I was shocked to see that I hadn’t published a blog post since December 2015. Needless to say, a lot has happened since then.
In the past 15 months, I’ve moved to a new city, changed jobs, increased from a part-time to a full-time student, lost over a hundred pounds, had my heart broken in the greatest way, and stopped writing altogether for most of my absence. Not many people want to talk about the daily struggle of a positive mindset, but it is very real. There have been many days and nights that I’ve broken down, that I’ve cried myself to sleep, that I’ve questioned everything, including my own purpose for existing.

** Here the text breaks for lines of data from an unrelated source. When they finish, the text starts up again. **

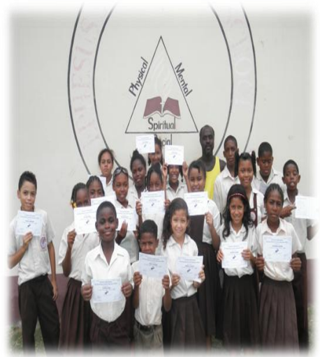
Ephesus S.D.A School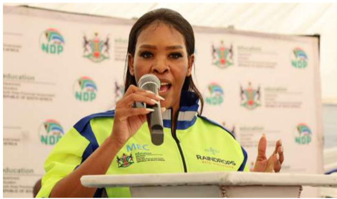
MEC Viola Motsumi addressing the communities in Morokweng Village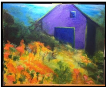
Summer at the Barn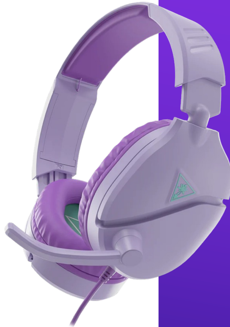
Recon 70 Colorways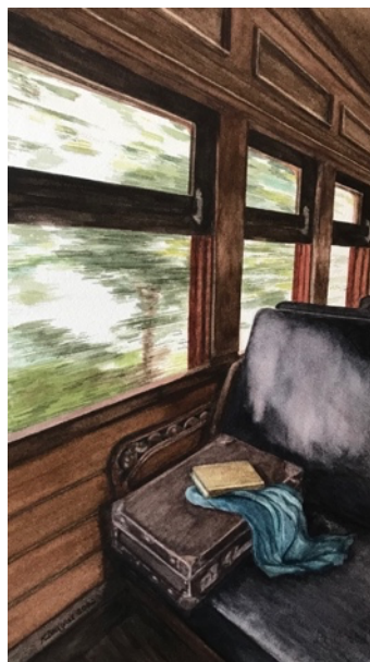
Passenger, Second Class (2022) Watercolour on paper, 51 x 35 cm framed $900

Also available: Limited edition giclee print, edition of 40, signed and numbered by the artist, archival ink on Hahnemuhle Photo Rag 188gsm, 51 x 61 cm $300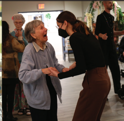
Villa resident and staff having a blast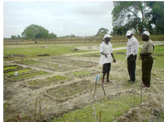
Plate 7. Vegetable farm providing farmers with an alternative livelihood.

Although still in the very early stages, some of these small businesses have started to generate revenues and have created alternative livelihood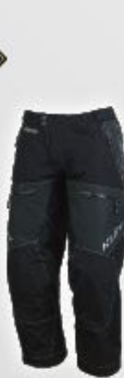
NEW FREE RIDE PANTS PAGE 27 • No. 3373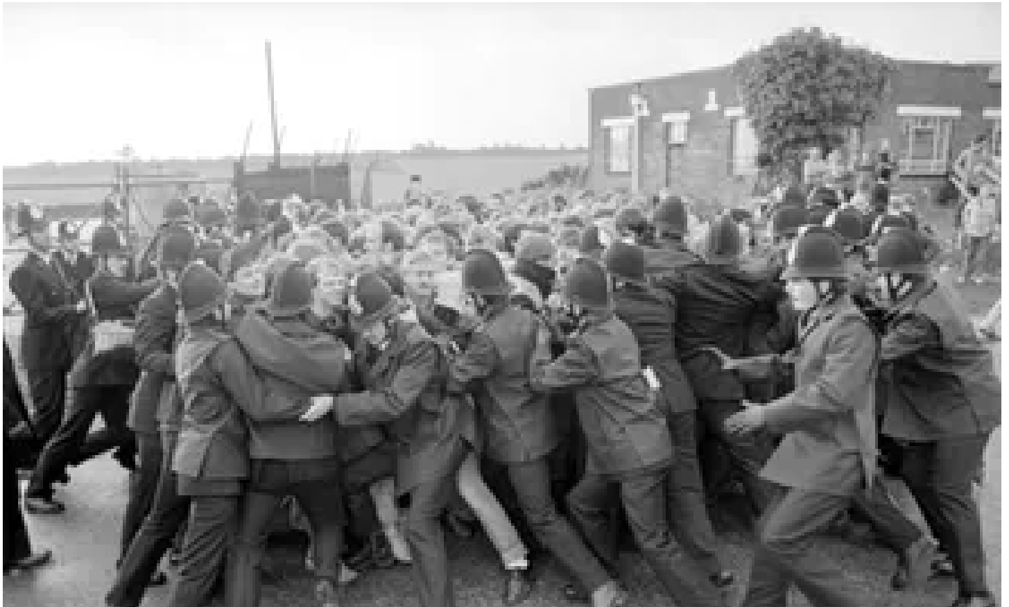
War on the picket line: how the British press made a battle out of the miners' strike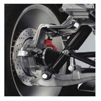
SLA REAR SUSPENSION

Great athletes maintain core strength. So do great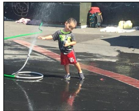
Happy child enjoying the “spritzer” on a hot day - August 26

In conclusion, it was another successful summer of events. In all, the Well Host and Park Ranger trespassed two individuals from the park. While staff was onsite (540 hours), drugs and alcohol use was strictly prohibited and a mutual respect of the space was shared by all.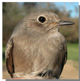
Black Redstart. Colour of plumage. Female/postjuvenile male: slate grey above and below, without buff tones; tertials with dark buff edges.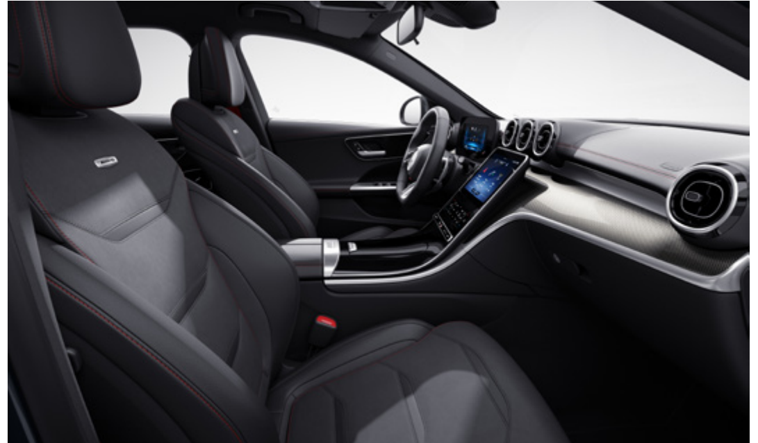
ARTICO man-made leather/DINAMICA microfibre AMG black (651A) | Sports Seats (7U3) | Metal structure trim element (H64)

The hard truth is, I’ve had to learn and to accept that I’m not superwoman, that I can’t do it all, and that I need to accept the things I cannot change. This past year-and-a-half has been the best and the worst of my life. It’s opened my eyes in so many ways, and broken my vision in so many others.
Focusing on the positive, I know who I am. I know what I’m made of. I know what I’m capable of. I know what I bring to the table. I know what I deserve. And, finally, I know what I want in life, and writing is a part of that.

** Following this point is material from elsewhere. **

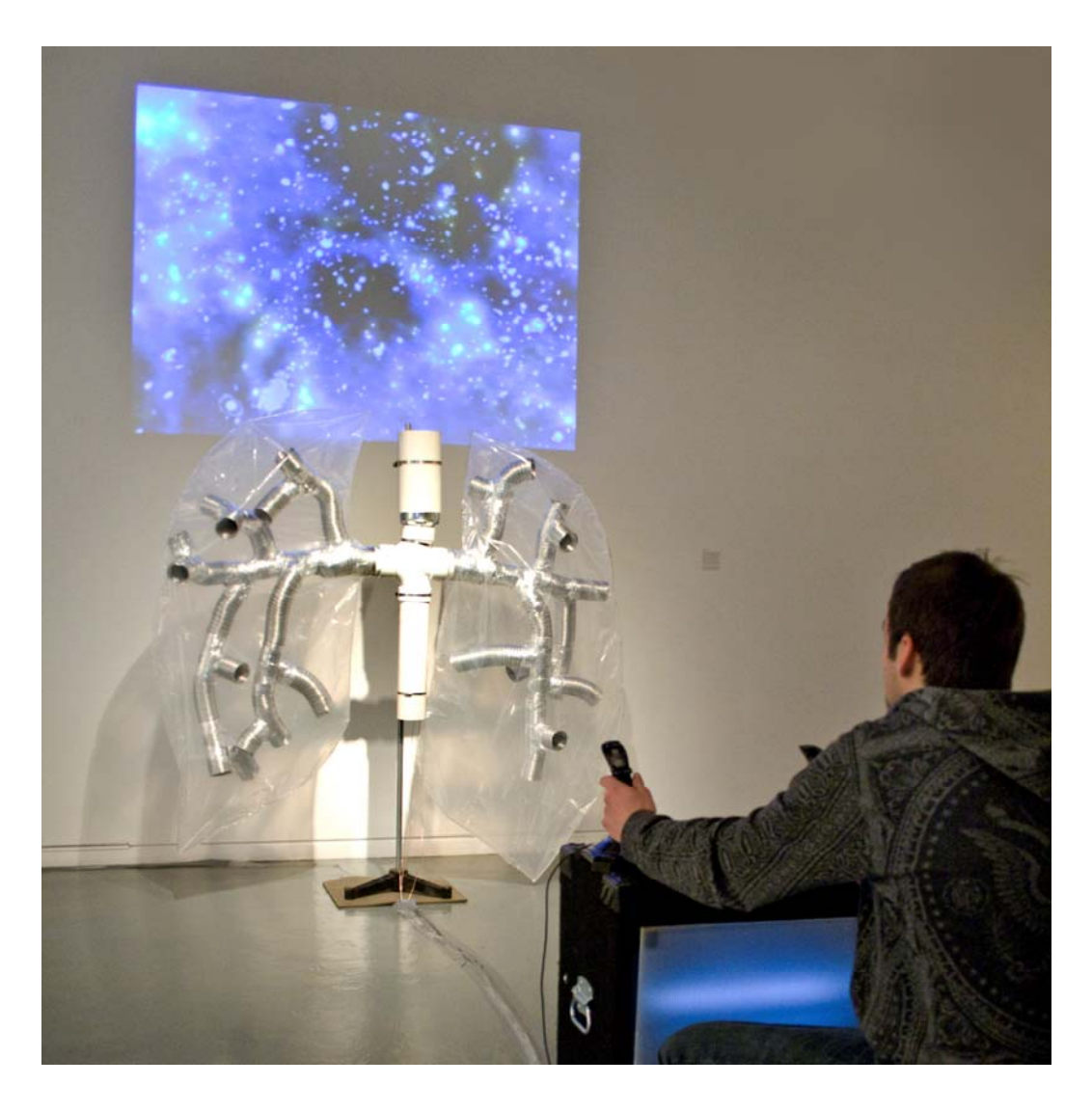
Sonic Primordia, 2010

Just this past month, I’ve finally picked up a pen and paper again. I’ve resumed working on a story I had started many years ago that began tugging at me to get written.
Additionally, I have picked back up on edits for the Vamp Chronicles. A lot of the story remains the same, but there have been some major changes to the details of this series, details that I felt needed to be altered to align with the message that I want to send to everyone who reads and loves them. (I’m in the process of getting the rights back from the publisher on these titles.)

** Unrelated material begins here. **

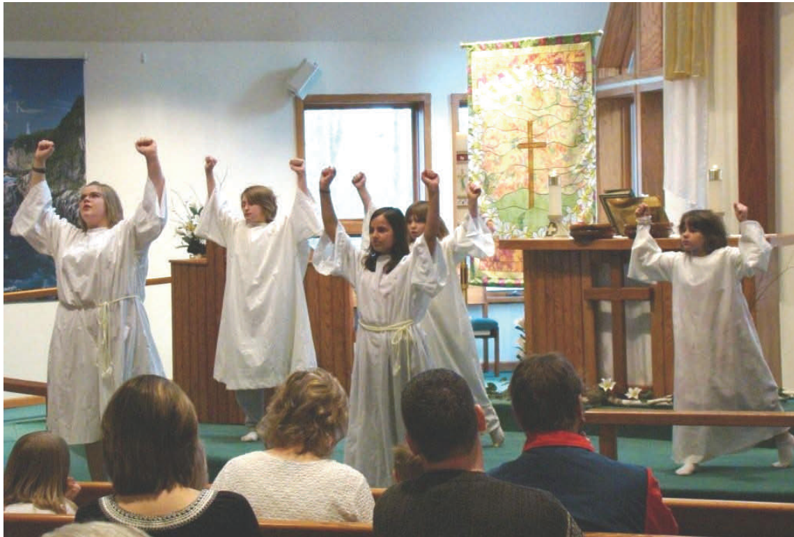
2009 Easter Sunrise Service — Signing the Lord's Prayer

I don’t have release dates, and I don’t want to make promises that I can’t guarantee I’ll be able to keep. But know that you are on my mind and in my heart. These characters have slowly been chipping away at the pain of this past year, and are an outlet I’m happy to have connected with once again.
To the readers I’ve lost, the readers who have remained, and the readers just discovering me, thank you. There has never been a single moment that I didn’t appreciate you. I know absence can create question marks and cast doubt, but rest assured, I am so incredibly grateful for each and every person that has ever read even a single sentence in any one of my titles. Thank you!
I don’t know what tomorrow holds. I don’t know a lot of things. But one thing I do know is that you will start to see fresh content from me soon, and a few old friends will be rediscovered in a brand new way as well.
Fingers crossed and prayers going up that it proves to be worth the wait!